Нет, такое предваряющее размышление, с одной стороны, невозможно, поскольку как мог бы Он обдумывать то, чего еще не видел, чего еще нет, а, -с другой, и неуместно, ибо если бы Он творил, взирая на нечто другое, пользуясь другим, то это было бы похоже на то, как творят художники, пользуясь руками и разными инструментами, а это немыслимо в применении к Нему, потому что и руки, и ноги, и все такое прочее есть нечто по сравнению в Ним позднейшее.

Остается допустить, что чувственные вещи имеют свое бытие в чем-то другом. И вот почему и как: так как Он, вмещающий в себе всю полноту истинно-сущего, находился (и всегда находится), так сказать, в непосредственном соседстве с другим, то есть с Умом, и ничто, разделяющее их, между ними не стояло, то Он вдруг сразу отразился (и отражается) в этом другом, проявил (и проявляет) в нем свой образ, как бы начертил тут свой портрет, отчасти непосредственно сам, а отчасти посредством универсальной мирообразующей Души, а то и при помощи индивидуальных душ – то или другое – тут безразлично. Таким-то образом все вещи происходят оттуда, от Него, и, понятно, там они имеют несравненно большую красоту, чем здесь, потому что тут в них к формам примешивается материя, а там они существуют как чистые формы – эйдосы.

Этими-то формами, имеющими свой источник там, в сверхчувственном мире, объята вся наша вселенная от начала и до конца во всех пунктах: тут материя принимает, прежде всего, формы четырех элементов, потом к этим присоединяются другие, а к тем еще и еще иные, и вот почему нигде нельзя найти самой материи в чистом виде, то есть потому, что она вся укрывается под этим многоразличием форм. Принимает же она всяческие формы потому, что сама по отношению к форме представляет нечто самое последнее (бесформенное), между тем, как со своей стороны творящий принцип, имея перед собой или, точнее, в себе, первообраз всякой формы, производит все формы тихо, бесшумно, потому что сам весь в существе своем как бы состоит из сущностей и форм (из субстанциальных эйдосов), производит без всякого усилия всю вселенную, потому что и сам Он есть своего рода универсум и ничто не может ни стеснять Его творческую деятельность, ни ограничивать Его всемогущую силу и власть над всем.
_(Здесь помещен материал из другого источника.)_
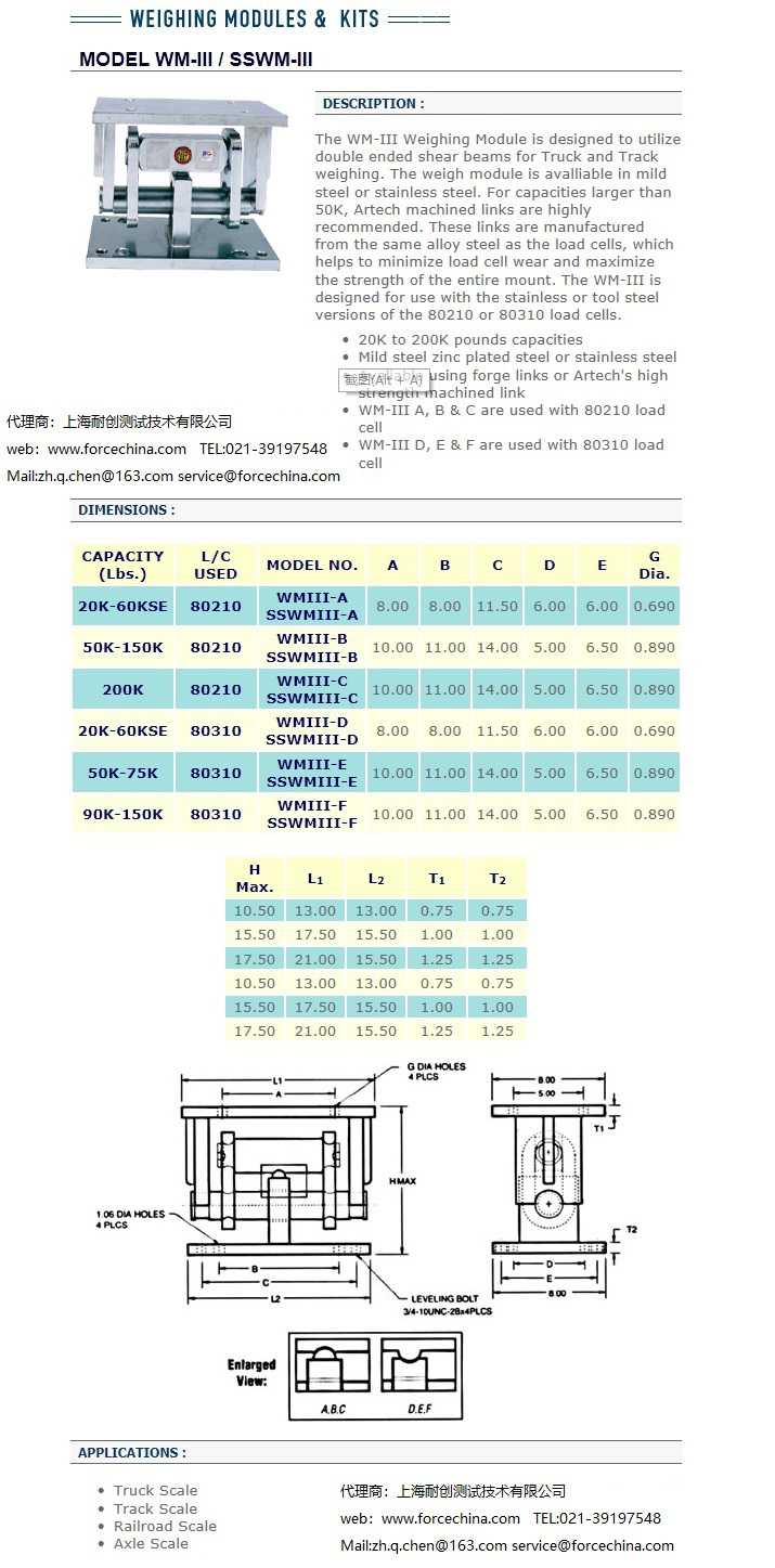 WM-III稱重模塊測力傳感器旨在利用雙頭剪力梁進行卡車和軌道稱重。稱重模塊可在低碳鋼或不銹鋼。容量大于50K, Artech加工鏈接強烈推薦。這些鏈接由與測壓元件相同的合金鋼制造,這有助于最大限度地減少測壓元件的磨損,并最大限度地提高整個安裝的強度。WM-III設計用于不銹鋼或工具鋼版本的80210或80310測壓元件。

Сами-то себя и друг друга тварные вещи стесняют и ограничивают, но они не могли и не могут оказывать Его творчеству никакого противодействия, потому что сам Он есть универсум. Мне кажется, что если бы мы, люди, были первообразными сущностями, субстанциальными эйдосами, то есть, если бы субстанциальный творящий эйдос составлял саму сущность в каждом из нас, то тогда бы и наше творчество все на своем пути одолевало бы легко, безо всяких усилий. Впрочем, и в настоящем своем состоянии человек творит свой образ, но образ совсем иной, другой природы, потому что, становясь каким-то определенным индивидом, он тем самым выделяется из общего, из универсума, как и наоборот, перестав быть индивидом, он воспаряет, по словам Платона, в горние сферы, и там становится властным над вселенной, поскольку, слившись с универсумом, делит с ним и его могущество.
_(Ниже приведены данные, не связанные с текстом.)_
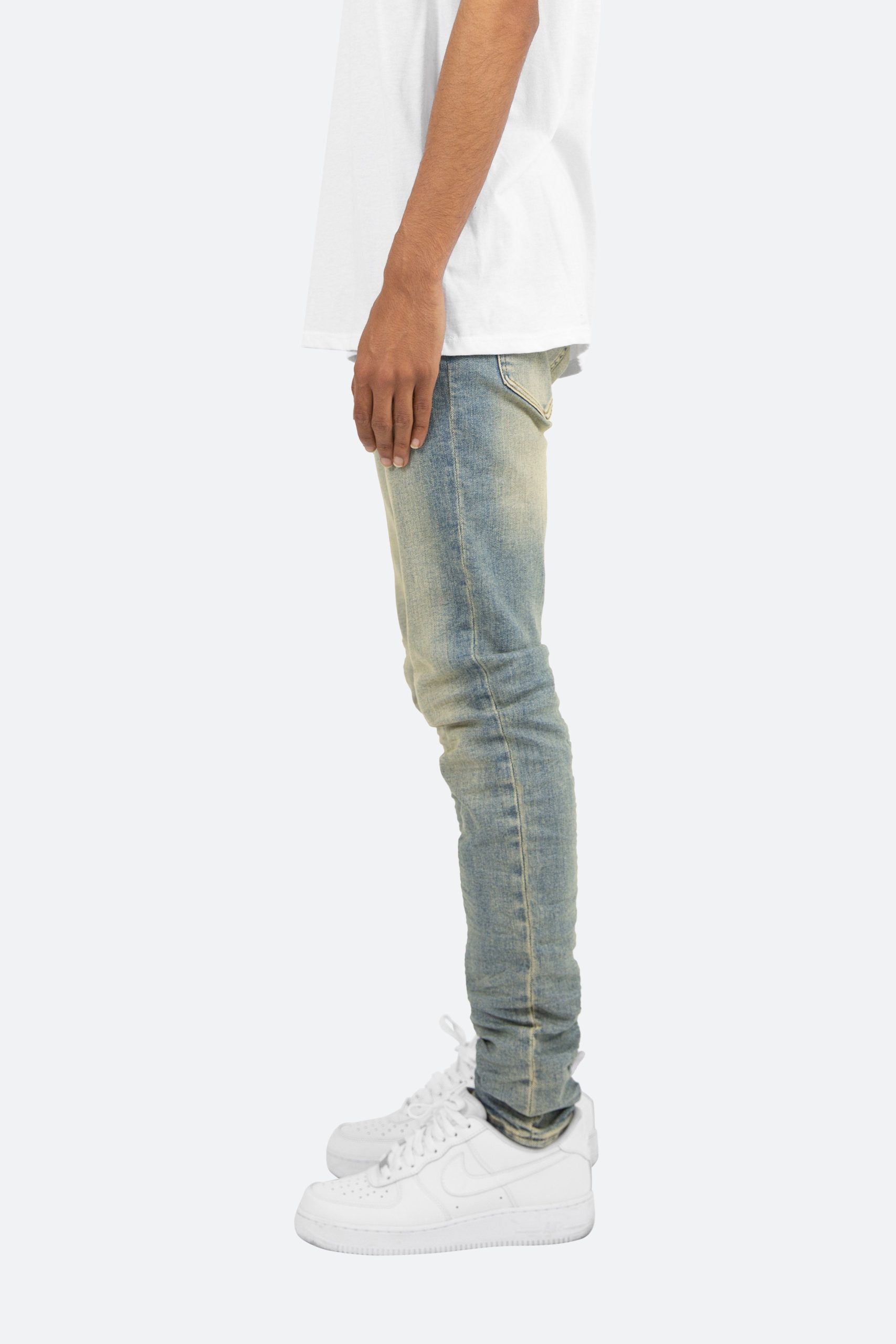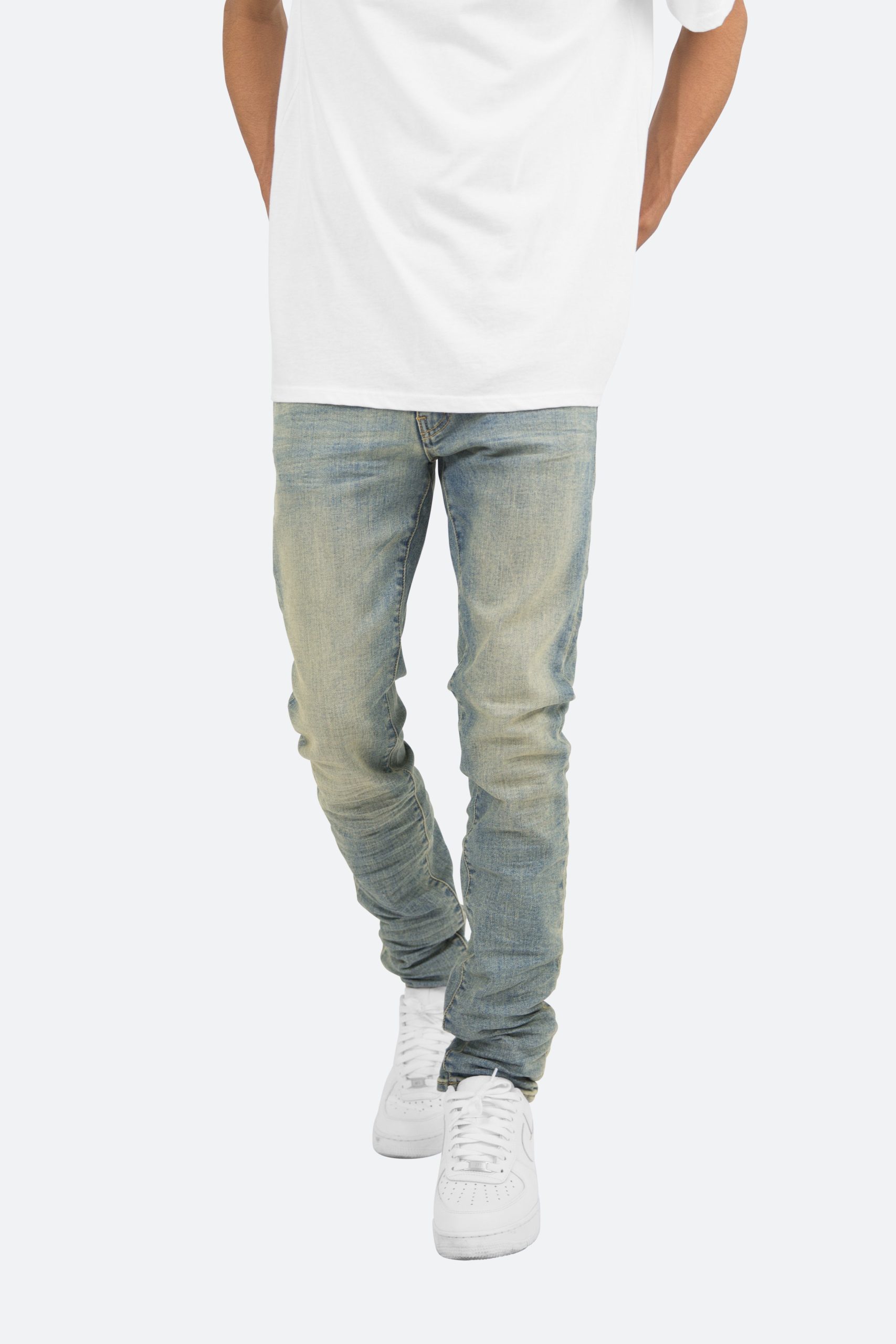 the X5 Stretch Denim is designed with our new X fit which is skinny throughout with an extended inseam for stacking. and features a warm wash throughout.

Все это мы клоним вот к чему: мы можем, конечно, задаваться вопросами о том, почему земля помещена в центре мира, почему она имеет форму шара, почему и для чего экватор наклонен к эклиптике и т.п., но из этого вовсе нельзя заключить, что и в Уме было и есть нечто похожее на эти наши соображения, что он сперва взвесил, что, как и почему должно все быть и уже потом решил все так и устроить. Напротив, если все в мире прекрасно устроено, то это единственно только потому, что Ум таков, каков есть, что природа его такая, а не иная.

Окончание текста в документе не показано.